THE health of babies born in deprived areas could be damaged for the rest of their lives long before they have even left the womb, according to startling research from Scots scientists.
They have found stressful conditions experienced by expectant mothers in impoverished areas because of poor lifestyle choices could impact on their children’s DNA – leaving them with an increased chance of developing diabetes and cardiovascular disease later in life.
Genes were found to be affected within the first few weeks of an embryo’s development – meaning some mothers in deprived postcodes could be putting their children at harm without knowing they are pregnant.
Experts in epigenetics – which explores how someone’s environment and lifestyle choices can influence their genetic code, and that of their children – took blood samples from 239 people from the most deprived and the most affluent areas of Glasgow.
They believe factors experienced by expectant mothers in areas of deprivation cause “bugs” to develop in the DNA of embryos, with the children more susceptible to early onset of diseases when they become adults.
The team behind the groundbreaking study at Glasgow University said their findings offered the beginning of an explanation as to why Scotland’s biggest city has the unwanted title of “the sick man of Europe”.
Charities campaigning to tackle child poverty described the research as “startling evidence” of the impact poverty can have on children before they have even left the womb, and warned that cutbacks to welfare provision would only worsen the damage.

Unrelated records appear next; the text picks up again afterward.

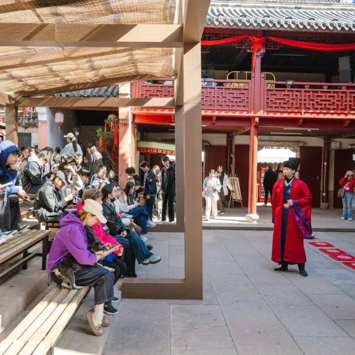 下午的游园之旅更是丰富多彩:搭乘复古有轨电车缓缓穿行于旧日街巷,仿佛时光倒流;在《夜半歌声》剧场感受光影与音乐的沉浸魅力;更在互动剧场中参与了一场酣畅淋漓的复古枪战,在角色扮演中触摸历史的脉搏。
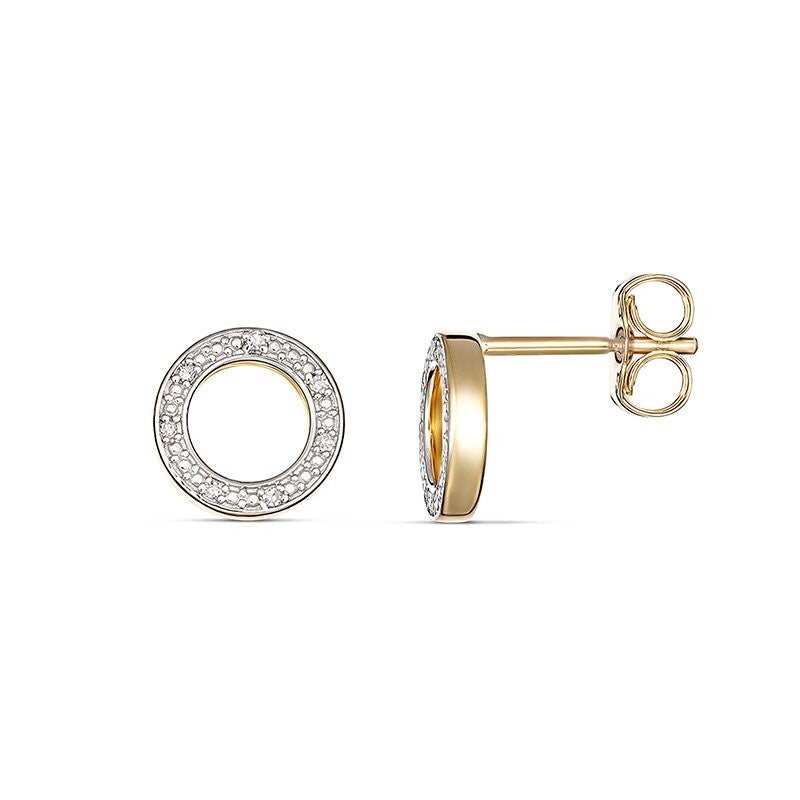 Open Circle Diamond Stud Earrings in 9ct gold.
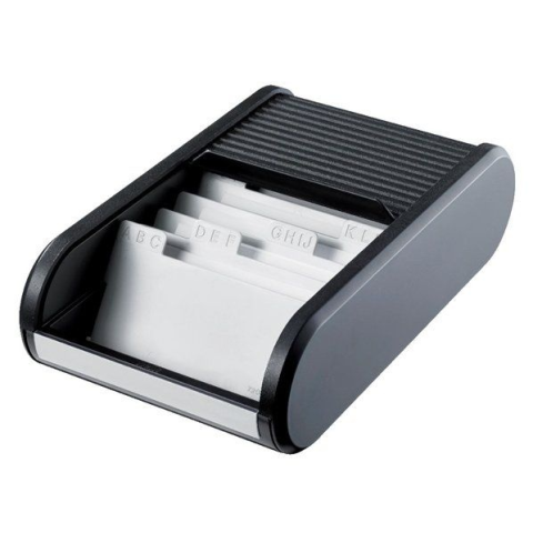 - 300 db névjegykártya tárolására alkalmas - a névjegyek rugalmas elhelyezése - egyszerű, praktikus tárolási mód - a rolós fedél megvédi a névjegykártyákat a szennyeződésektől - maximum 67x102 mm méretű névjegykártya számára - 8 db-os A-Z regiszterrel - f
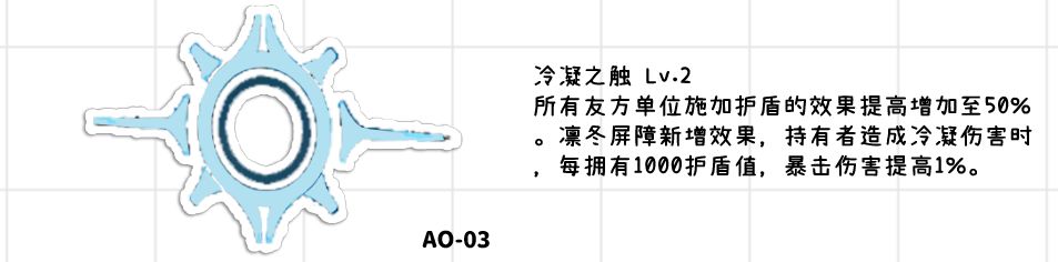 ●凛冬屏障新增:队友造成冷凝伤害时,每拥有1000护盾,提高1%爆伤,假设3000攻击的情况下就是6%的爆伤加成。该椎体算是功能性椎体,护盾量算是提高了手感,提高的爆伤在你能够达到4000攻以上时效果还算不错,但是毕竟专武都能提供10%的爆伤,所以相对来说还是专武直接一点。

The researchers found significant differences in levels of “methylation” in the DNA of people from different ends of the socio-economic spectrum.
DNA methylation is a natural biochemical process which controls how genes work. The majority of this methylation content is fixed for life in humans from just a few weeks after conception as the structure of the body and organs is formed.

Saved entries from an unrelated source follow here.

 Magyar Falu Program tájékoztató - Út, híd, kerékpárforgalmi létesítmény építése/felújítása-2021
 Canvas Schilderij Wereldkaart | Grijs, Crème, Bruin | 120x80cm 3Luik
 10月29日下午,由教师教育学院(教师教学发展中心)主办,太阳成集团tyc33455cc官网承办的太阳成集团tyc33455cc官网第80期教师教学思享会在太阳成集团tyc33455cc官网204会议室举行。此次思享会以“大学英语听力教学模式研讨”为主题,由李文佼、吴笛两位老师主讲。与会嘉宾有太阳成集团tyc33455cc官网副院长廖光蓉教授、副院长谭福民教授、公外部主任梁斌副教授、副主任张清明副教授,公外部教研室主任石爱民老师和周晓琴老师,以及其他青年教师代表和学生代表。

Enzymes in the body create chemical “tags” which are imprinted on to DNA to switch on or off genes at the right time and in the right place. Most of these tags stay in place for the rest of an individual’s life. The tags are “read” by cells, similar to the way software’s binary code is processed by computers, and ensure each cell switches on or off only the genes it is supposed to in order to ensure the body works correctly and remains healthy.

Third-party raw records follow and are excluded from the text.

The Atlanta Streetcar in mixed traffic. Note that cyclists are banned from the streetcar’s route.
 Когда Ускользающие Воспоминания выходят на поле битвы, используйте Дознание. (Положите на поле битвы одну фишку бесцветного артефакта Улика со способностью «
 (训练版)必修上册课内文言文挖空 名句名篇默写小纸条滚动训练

However, lower levels of methylation can impair this process, increasing the chances of developing diabetes and cardiovascular disease later in life.
Research leader Dr Paul Shiels, senior lecturer in epigenetics at the university, said: “We found that levels of DNA methylation were significantly lower in the samples from the most deprived areas than they were in those from the least deprived, and those samples also showed signs of an elevated risk of cardiovascular disease.
“Methylation levels decline throughout everyone’s life as part of the natural process of ageing and can be slightly affected in adulthood by external factors such as diet, stress and lifestyle. Those external factors have a much greater effect on babies developing in the womb, affecting the enzymes which allow DNA methylation to occur, so it’s very likely that the significantly lower levels of methylation we’re seeing in the most deprived areas of the city are set before birth.”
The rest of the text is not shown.